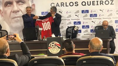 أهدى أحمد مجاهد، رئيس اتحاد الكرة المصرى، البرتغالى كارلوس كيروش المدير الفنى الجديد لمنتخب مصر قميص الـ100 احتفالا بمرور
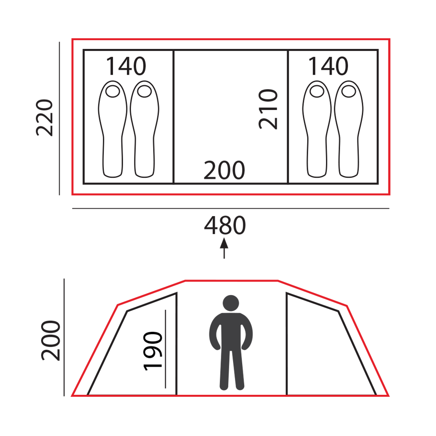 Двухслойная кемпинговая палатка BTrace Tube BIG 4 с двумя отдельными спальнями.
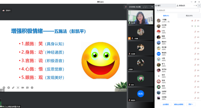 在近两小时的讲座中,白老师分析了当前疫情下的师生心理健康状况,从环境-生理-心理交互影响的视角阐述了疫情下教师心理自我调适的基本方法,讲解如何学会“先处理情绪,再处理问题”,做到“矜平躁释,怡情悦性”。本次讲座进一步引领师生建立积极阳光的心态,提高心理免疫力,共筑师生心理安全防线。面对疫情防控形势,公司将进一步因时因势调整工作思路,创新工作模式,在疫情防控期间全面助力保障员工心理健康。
------
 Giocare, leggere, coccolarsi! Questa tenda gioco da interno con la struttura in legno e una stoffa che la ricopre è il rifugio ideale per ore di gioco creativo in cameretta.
------
→ **Problem details**:
Your reply is to be an exact repeat of the listing above from the line holding "أهدى أحمد مجاهد،" down to the line holding "在近两小时的讲座中,白老师分", ends included, pictures excluded.

→ **Written reply**:
 أهدى أحمد مجاهد، رئيس اتحاد الكرة المصرى، البرتغالى كارلوس كيروش المدير الفنى الجديد لمنتخب مصر قميص الـ100 احتفالا بمرور
 Двухслойная кемпинговая палатка BTrace Tube BIG 4 с двумя отдельными спальнями.
 在近两小时的讲座中,白老师分析了当前疫情下的师生心理健康状况,从环境-生理-心理交互影响的视角阐述了疫情下教师心理自我调适的基本方法,讲解如何学会“先处理情绪,再处理问题”,做到“矜平躁释,怡情悦性”。本次讲座进一步引领师生建立积极阳光的心态,提高心理免疫力,共筑师生心理安全防线。面对疫情防控形势,公司将进一步因时因势调整工作思路,创新工作模式,在疫情防控期间全面助力保障员工心理健康。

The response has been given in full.